··· Data for this task ···
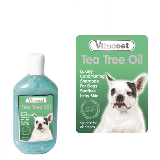 Champú especial para perros y gatos con pieles sensibles, producido a base de aceite de árbol de té.
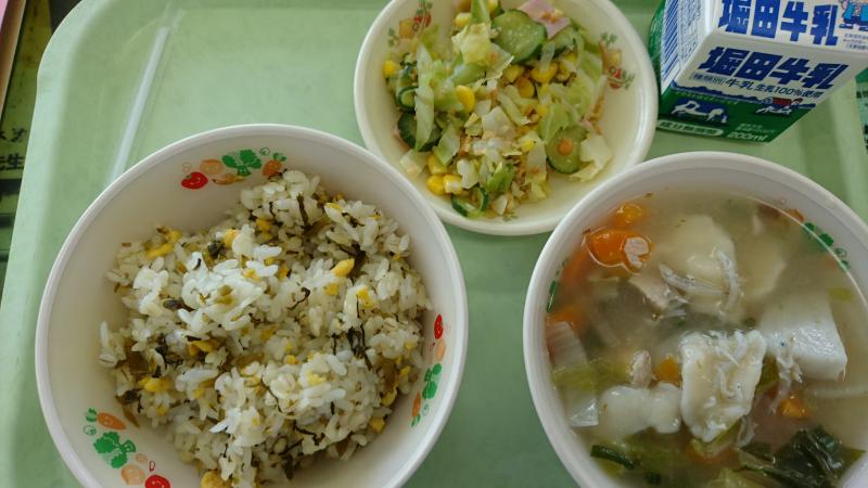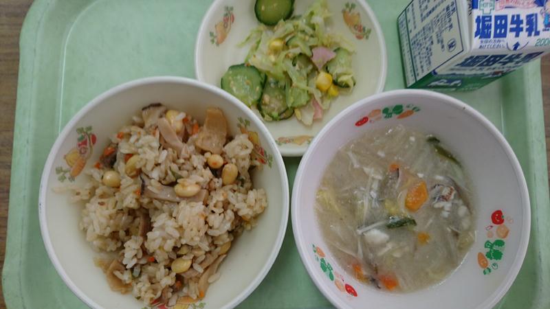 今日の献立は、大豆の香味ごはん、多菜包子、中華きゅうり、わかめスープでした。本日は中華メニュー、大豆たっぷりの混ぜご飯はオイスターソース味です。初登場の多菜包子は餃子に似た感じで、子どもたちにも人気でした。
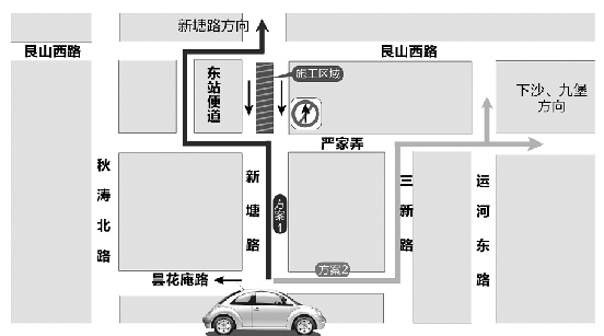 途经新塘路车辆,南向北前往新塘路火车东站方向的,可选择严家弄、原汽车东站便道、艮山西路地面道路进行绕行;
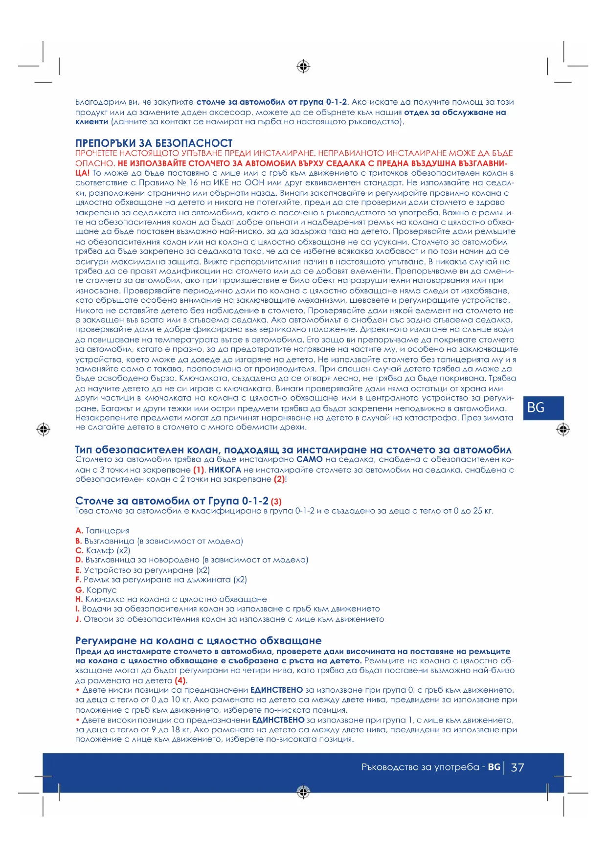 Благодарим ви, че закупихте столче за автомобил от група 0-1-2. Ако искате да получите помощ за този продукт или да замените даден аксесоар, можете да се обърнете към нашия отдел за обслужване на клиенти (данните за контакт се намират на гърба на настоящото ръководство). ПРЕПОРЪКИ ЗА БЕЗОПАСНОСТ ПРОЧЕТЕТЕ НАСТОЯЩОТО УПЪТВАНЕ ПРЕДИ ИНСТАЛИРАНЕ. НЕПРАВИЛНОТО ИНСТАЛИРАНЕ МОЖЕ ДА БЪДЕ ОПАСНО. НЕ ИЗПОЛЗВАЙТЕ СТОЛЧЕТО ЗА АВТОМОБИЛ ВЪРХУ СЕДАЛКА С ПРЕДНА ВЪЗДУШНА ВЪЗГЛАВНИ- ЦА! То може да бъде поставяно с лице или с гръб към движението с триточков обезопасителен колан в съответствие с Правило № 16 на ИКЕ на ООН или друг еквивалентен стандарт. Не използвайте на седал- ки, разположени странично или обърнати назад. Винаги закопчавайте и регулирайте правилно колана с цялостно обхващане на детето и никога не потегляйте, преди да сте проверили дали столчето е здраво закрепено за седалката на автомобила, както е посочено в ръководството за употреба. Важно е ремъци- те на обезопасителния колан да бъдат добре опънати и надбедреният ремък на колана с цялостно обхва- щане да бъде поставен възможно най-ниско, за да задържа таза на детето. Проверявайте дали ремъците на обезопасителния колан или на колана с цялостно обхващане не са усукани. Столчето за автомобил трябва да бъде закрепено за седалката така, че да се избегне всякаква хлабавост и по този начин да се осигури максимална защита. Вижте препоръчителния начин в настоящото упътване. В никакъв случай не трябва да се правят модификации на столчето или да се добавят елементи. Препоръчваме ви да смени- те столчето за автомобил, ако при произшествие е било обект на разрушителни натоварвания или при износване. Проверявайте периодично дали по колана с цялостно обхващане няма следи от изхабяване, като обръщате особено внимание на заключващите механизми, шевовете и регулиращите устройства. Никога не оставяйте детето без наблюдение в столчето. Проверявайте дали някой елемент на столчето не е заклещен във врата или в сгъваема седалка. Ако автомобилът е снабден със задна сгъваема седалка, проверявайте дали е добре фиксирана във вертикално положение. Директното излагане на слънце води до повишаване на температурата вътре в автомобила. Ето защо ви препоръчваме да покривате столчето за автомобил, когато е празно, за да предотвратите нагряване на частите му, и особено на заключващите устройства, което може да доведе до изгаряне на детето. Не използвайте столчето без тапицерията му и я заменяйте само с такава, препоръчана от производителя. При спешен случай детето трябва да може да бъде освободено бързо. Ключалката, създадена да се отваря лесно, не трябва да бъде покривана. Трябва да научите детето да не си играе с ключалката. Винаги проверявайте дали няма остатъци от храна или други частици в ключалката на колана с цялостно обхващане или в централното устройство за регули- ране. Багажът и други тежки или остри предмети трябва да бъдат закрепени неподвижно в автомобила. Незакрепените предмети могат да причинят нараняване на детето в случай на катастрофа. През зимата не слагайте детето в столчето с много обемисти дрехи. Тип обезопасителен колан, подходящ за инсталиране на столчето за автомобил Столчето за автомобил трябва да бъде инсталирано САМО на седалка, снабдена с обезопасителен ко- лан с 3 точки на з
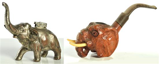 A SMALL ELEPHANT SHAPED TABLE LIGHTER ALONG WITH AN ELEPAHNT CARVED PIPE
···
Would you retype every line shown above exactly, leaving the pictures aside?

• Answer to this exercise:
 Champú especial para perros y gatos con pieles sensibles, producido a base de aceite de árbol de té.
 今日の献立は、大豆の香味ごはん、多菜包子、中華きゅうり、わかめスープでした。本日は中華メニュー、大豆たっぷりの混ぜご飯はオイスターソース味です。初登場の多菜包子は餃子に似た感じで、子どもたちにも人気でした。
 途经新塘路车辆,南向北前往新塘路火车东站方向的,可选择严家弄、原汽车东站便道、艮山西路地面道路进行绕行;
 Благодарим ви, че закупихте столче за автомобил от група 0-1-2. Ако искате да получите помощ за този продукт или да замените даден аксесоар, можете да се обърнете към нашия отдел за обслужване на клиенти (данните за контакт се намират на гърба на настоящото ръководство). ПРЕПОРЪКИ ЗА БЕЗОПАСНОСТ ПРОЧЕТЕТЕ НАСТОЯЩОТО УПЪТВАНЕ ПРЕДИ ИНСТАЛИРАНЕ. НЕПРАВИЛНОТО ИНСТАЛИРАНЕ МОЖЕ ДА БЪДЕ ОПАСНО. НЕ ИЗПОЛЗВАЙТЕ СТОЛЧЕТО ЗА АВТОМОБИЛ ВЪРХУ СЕДАЛКА С ПРЕДНА ВЪЗДУШНА ВЪЗГЛАВНИ- ЦА! То може да бъде поставяно с лице или с гръб към движението с триточков обезопасителен колан в съответствие с Правило № 16 на ИКЕ на ООН или друг еквивалентен стандарт. Не използвайте на седал- ки, разположени странично или обърнати назад. Винаги закопчавайте и регулирайте правилно колана с цялостно обхващане на детето и никога не потегляйте, преди да сте проверили дали столчето е здраво закрепено за седалката на автомобила, както е посочено в ръководството за употреба. Важно е ремъци- те на обезопасителния колан да бъдат добре опънати и надбедреният ремък на колана с цялостно обхва- щане да бъде поставен възможно най-ниско, за да задържа таза на детето. Проверявайте дали ремъците на обезопасителния колан или на колана с цялостно обхващане не са усукани. Столчето за автомобил трябва да бъде закрепено за седалката така, че да се избегне всякаква хлабавост и по този начин да се осигури максимална защита. Вижте препоръчителния начин в настоящото упътване. В никакъв случай не трябва да се правят модификации на столчето или да се добавят елементи. Препоръчваме ви да смени- те столчето за автомобил, ако при произшествие е било обект на разрушителни натоварвания или при износване. Проверявайте периодично дали по колана с цялостно обхващане няма следи от изхабяване, като обръщате особено внимание на заключващите механизми, шевовете и регулиращите устройства. Никога не оставяйте детето без наблюдение в столчето. Проверявайте дали някой елемент на столчето не е заклещен във врата или в сгъваема седалка. Ако автомобилът е снабден със задна сгъваема седалка, проверявайте дали е добре фиксирана във вертикално положение. Директното излагане на слънце води до повишаване на температурата вътре в автомобила. Ето защо ви препоръчваме да покривате столчето за автомобил, когато е празно, за да предотвратите нагряване на частите му, и особено на заключващите устройства, което може да доведе до изгаряне на детето. Не използвайте столчето без тапицерията му и я заменяйте само с такава, препоръчана от производителя. При спешен случай детето трябва да може да бъде освободено бързо. Ключалката, създадена да се отваря лесно, не трябва да бъде покривана. Трябва да научите детето да не си играе с ключалката. Винаги проверявайте дали няма остатъци от храна или други частици в ключалката на колана с цялостно обхващане или в централното устройство за регули- ране. Багажът и други тежки или остри предмети трябва да бъдат закрепени неподвижно в автомобила. Незакрепените предмети могат да причинят нараняване на детето в случай на катастрофа. През зимата не слагайте детето в столчето с много обемисти дрехи. Тип обезопасителен колан, подходящ за инсталиране на столчето за автомобил Столчето за автомобил трябва да бъде инсталирано САМО на седалка, снабдена с обезопасителен ко- лан с 3 точки на з
 A SMALL ELEPHANT SHAPED TABLE LIGHTER ALONG WITH AN ELEPAHNT CARVED PIPE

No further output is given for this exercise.